De sociaal-politieke en economische situatie die heerste in de jaren voorafgaand aan de regering van Porfirio Díaz, bracht elk van de twee landgoederen een zeer verschillende bestemming. EL Zoquital raakt volledig bankroet en komt in handen van de overheid; Aan de andere kant behield San José zijn pracht tot de tijd van de agrarische distributie, na de revolutie, toen zijn gronden op krediet en tegen een betaalbare prijs werden verkocht. Vervolgens kochten de boeren van de naburige steden deze goederen. Nu zijn deze gronden boerderijen gewijd aan de agribusiness, terwijl een walnoot- en pijnboompittenverwerker actief is op de voormalige boerderij van El Zoquital.

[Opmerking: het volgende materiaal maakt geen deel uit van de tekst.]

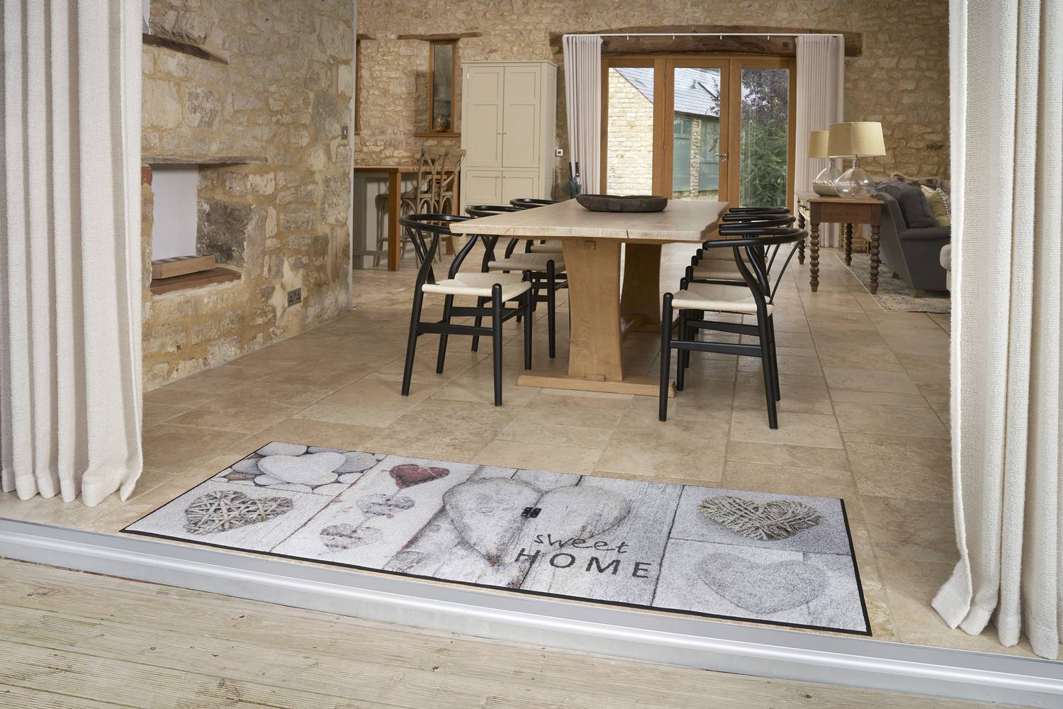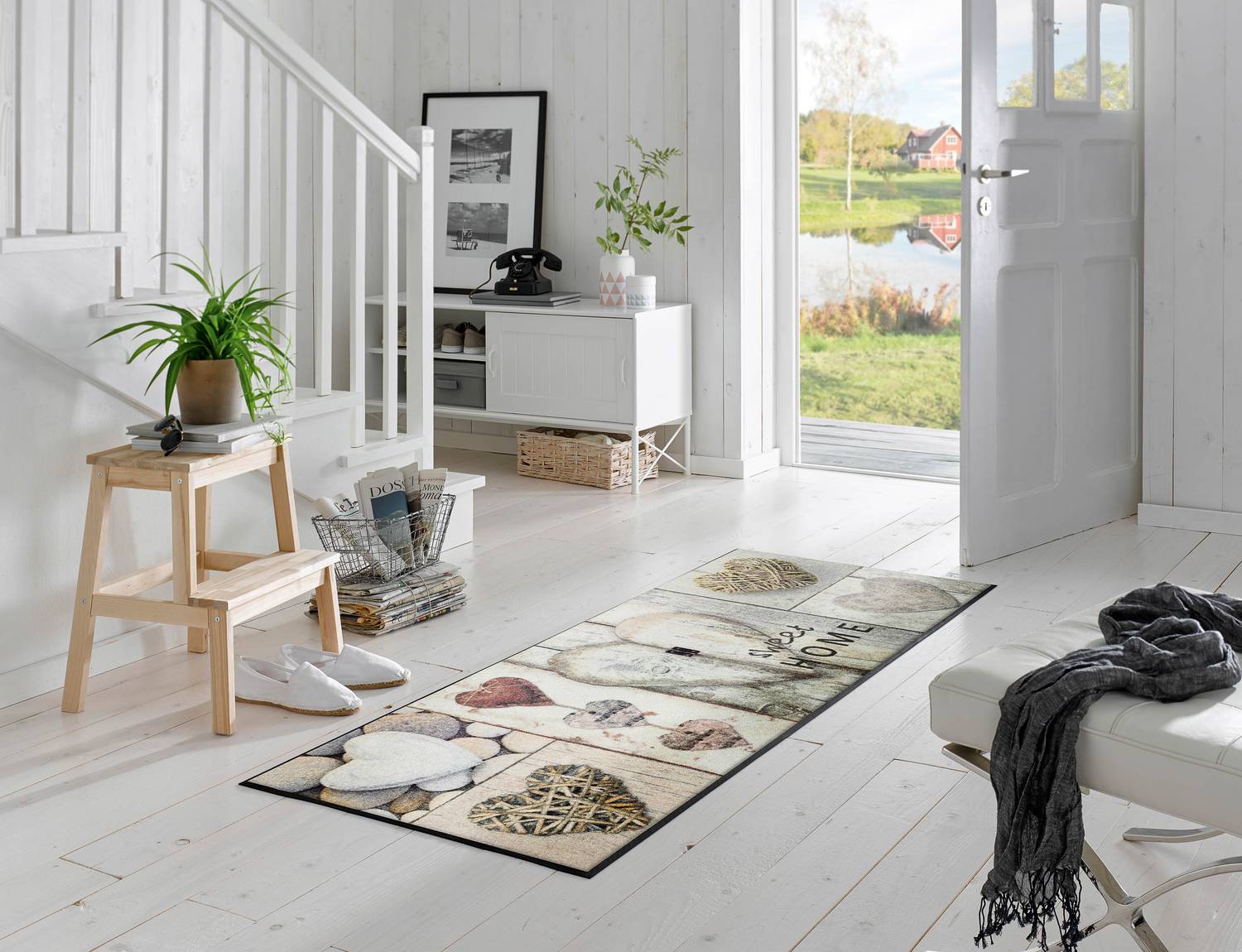 Fussmatte Vintage Hearts 190 x 75 cm Schmutzfangmatte waschbar wash+dry Design
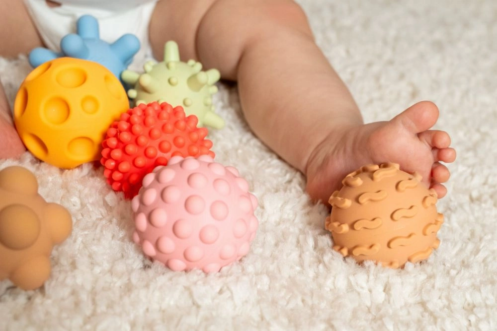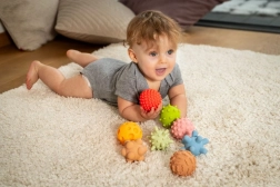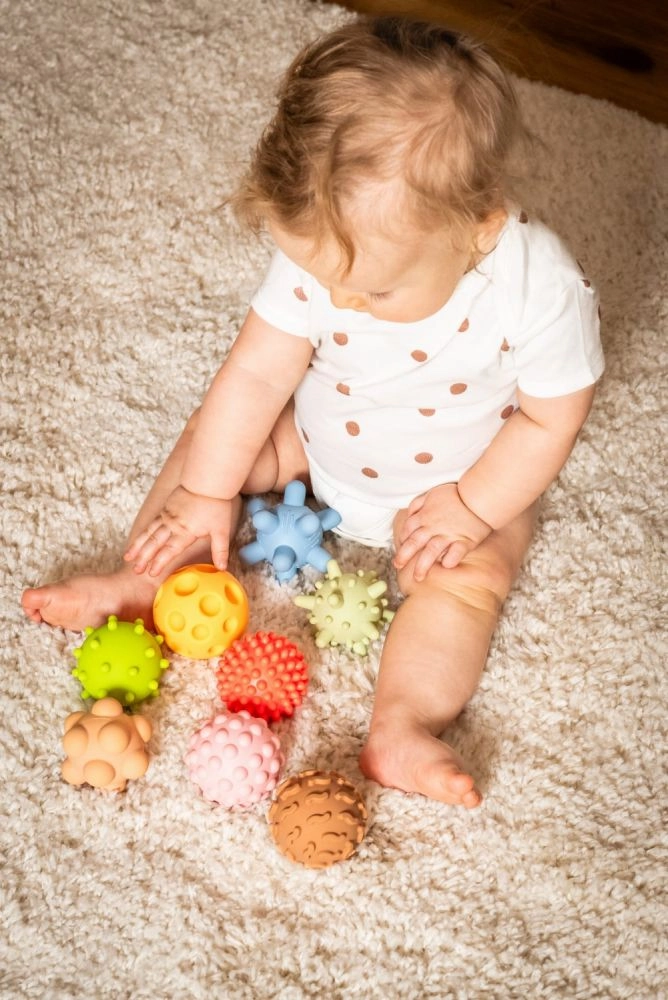 Elke bal heeft een uniek oppervlak met bobbels, noppen of groeven die de tastzin en natuurlijke nieuwsgierigheid van het kind stimuleren.
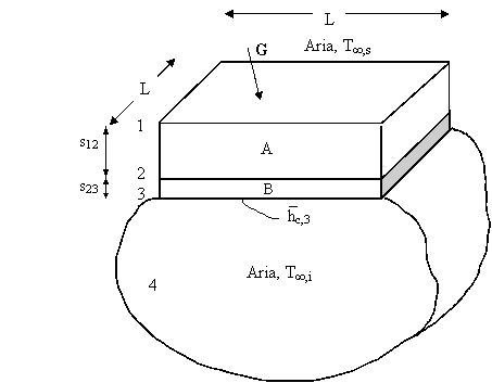 Es. 14 In relazione allo schema rappresentato in figura e ai dati riportati, ipotizzando che l'area di scambio sia quadrata e che la superficie 4 si affacci su un ambiente molto vasto con pareti isoterme alla temperatura Tp, si calcolino, nell'ipotesi di stazionarietà e di monodimensionalità:
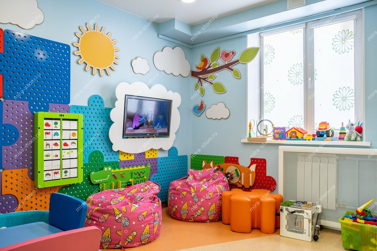 - Мотивация для детей (сюрпризы, игровая зона, жетоны за лечение).

DE CONVENTUELE VERGADERING VAN SAN AGUSTIN

De eerste Augustijner broeders die in 1536 in Atotonilco el Grande arriveerden, waren Alonso de Borja, Gregorio de Salazar en Juan de San Martín. De drie religieuzen waren druk bezig de taal van de inboorlingen te bestuderen om met hen te communiceren en hen in de nieuwe religie te kunnen onderwijzen. Alonso de Borja stierf kort na het bereiken van Atotonilco, en de Augustijner die in Metztitlán predikte, Fray Juan de Sevilla, neemt zijn plaats in. Hij begon met de bouw van het grote schip van de tempel met zijn gewelf en liet het Plateresque portaal uithouwen in de steengroeve, waar hij de figuur achterliet die de oorsprong van de naam Atotonilco voorstelt; een pan boven vuur die stoom uitstraalt.

In deze eerste bouwperiode, die plaatsvond tussen 1540 en 1550, werden ook de bovenste en onderste verdiepingen van het klooster gebouwd, op de muren waarvan muurschilderingen met religieuze en filosofische thema's werden geschilderd, zoals die in het trappenhuis, waar het beeld van Sint-Augustinus verschijnt omringd door de filosofen Aristoteles, Plato, Socrates, Cicero, Pythagoras en Seneca. Helaas vertonen sommige schilderijen al een ernstige mate van achteruitgang. De tweede bouwfase eindigt in 1586, de datum die in het gewelf van het koor staat ingeschreven. Fray Juan Pérez heeft dan de leiding over de voltooiing van de rest van de kerk, die zich momenteel aan één kant van het centrale plein bevindt.

Het Atotonilco-plateau is de opmaat naar een regio met bergpanorama's, waar veranderingen in hoogte en vegetatie al voelbaar zijn na het passeren van de omgeving van Mineral del Monte. Van dennen en eiken gingen we naar mezauites, huizaches en cactussen in een stuk van slechts 30 of 40 kilometer.

Vanaf de 2.080 m hoogte van de mesa waar Atotonilco zich bevindt, kruisen de waterstromen het binnenste van de aarde om later te verschijnen in bronnen van zwavelhoudend water, in semi-aride ravijnen, die naar het westen eindigen in de Amajac-rivier, bij 1700, 1500, 1300 m hoogte, lager en lager. Daar, waar de bergen besluiten samen te komen om natuurlijke bruggen te vormen die door rivieren worden doorboord; waar de hitte overweldigt en het groen voor de regens verfrist.

ALS JE NAAR ATOTONILCO THE GREAT GAAT

Neem snelweg nr. 130 naar Pachuca. Als u deze stad op 34 km afstand passeert, ligt de stad Atotonilco.

Naar de boerderij van San José: het is bereikbaar via snelweg nr. 105 richting Huejutla, zeven kilometer verder, sla rechtsaf de onverharde weg op naar de stad San José Zoquital, waar de boerderij zich bevindt. Het is niet gemakkelijk om het te bezoeken, aangezien het momenteel bewoond wordt.

Exhacienda de El Zoquital: neem op dezelfde manier de richting van Huejutla en sla 10 km verder linksaf over de onverharde weg om de stad El Zoquital te bereiken, waar de Hacienda San Nicolás Zoquital zich bevindt.

Pin
Send
Share
Send

Video: tropical azteca de atotonilco el grande parte2 (Mei 2024).